Sustainable relationships and revenue
One of the major advantages of investing in corporate housing is that you will have an opportunity to build relationships with companies for the long term. When their employees travel to your location for assignments, training, or projects, they will place them in your rental.
Companies don’t like to change their service providers without reason, preferring instead to invest in relationships. Often, to add a new provider, they must go through a time-consuming internal approval process. If you are committed to making your investment prosper, you will have an opportunity to build long-term relationships with prime corporate clients for your property.
How much can the clients save?
To get an idea of the kind of value proposition corporate housing offers to potential tenants, consider these figures. In New York, the average cost of a hotel room in 2015 was $254. In comparison, the average price of a Manhattan studio through corporate housing was $165 a day. That represents a savings of about 35 percent. Even for a one-bedroom apartment, the occupant would have only paid $213 a night, on average, through corporate housing. That still saves the corporation about 16 percent when compared to a hotel.
Data for the same years shows that in San Francisco, the client would have saved 22 percent for a studio and 10 percent for a one-bedroom apartment, and in Chicago, their savings would have been 35 percent and 23 percent, respectively. On top of that, corporate housing is usually tax-free for a minimum stay of 30 days, which could mean additional savings.
How much can you make?
How much you can make when renting to corporate clients depends on your local market, the number of business travelers to your city, and the presence of major corporations. All of these will impact both the demand for corporate housing and the profit you’d make.
With an occupancy rate of 90-95%, you’re smoothing the standard 10% vacancy rate for rental properties over the year. In New York, if you rented a studio to corporate clients, assuming an occupancy rate of 90%, you’d gross $54,202 a year, or $4,500 a month.
Depending on the neighborhood you rent in, this could either be above market rents or just meet them. Even if a corporate rental didn’t generate more income than a yearly tenant, it could still be worth it to convert the unit to corporate housing due to reduced wear and tear.
Maximizing Revenues with a smart rental strategy
Like any other property rental market, the corporate housing market is flexible and versatile. Carefully analyze the demand in your area for these types of properties, while assessing your own property’s occupancy abilities and unique selling proposition, before deciding to rent to corporate clients.

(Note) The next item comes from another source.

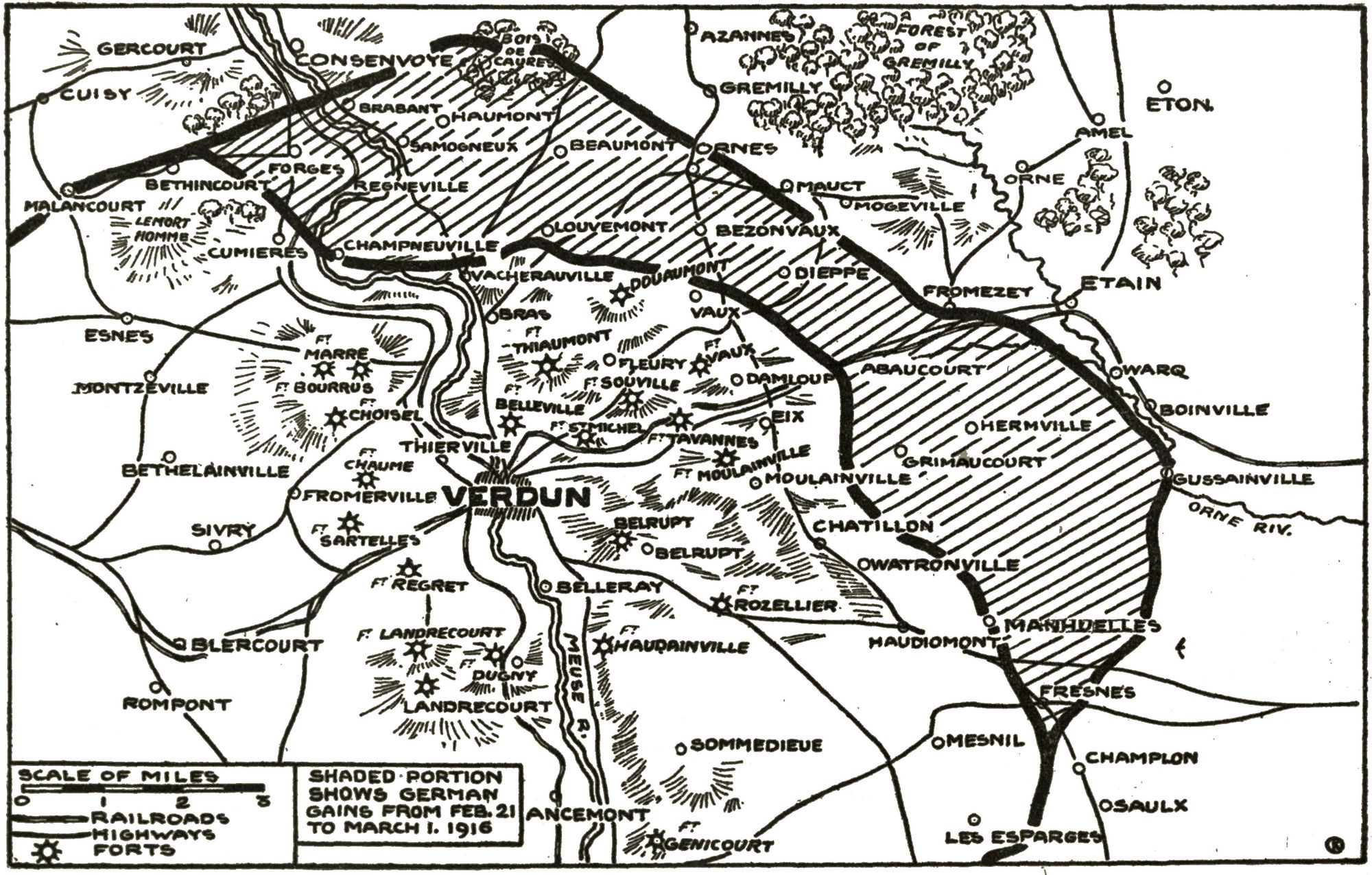 Seven French aeroplanes flew over the Woevre region on this day, penetrating as far as Vigneulles, where the aerial observers discovered barracks covered with heavy corrugated iron. The machines descended in long spirals and dropped a number of (p. 021) bombs, setting the barracks afire. Troops were seen rushing in all directions from the burning structures.

Depending on your market, you may also consider customizing your corporate housing rental property to meet the specific needs of a long-term client or a set of corporate clients that could benefit from it. You can maximize your profit margins by thinking ahead and going the extra mile to outshine your competition.
Under the right circumstances, corporate housing could prove a more profitable real estate investment strategy than renting to traditional tenants. You’re providing housing solutions that meet real market need.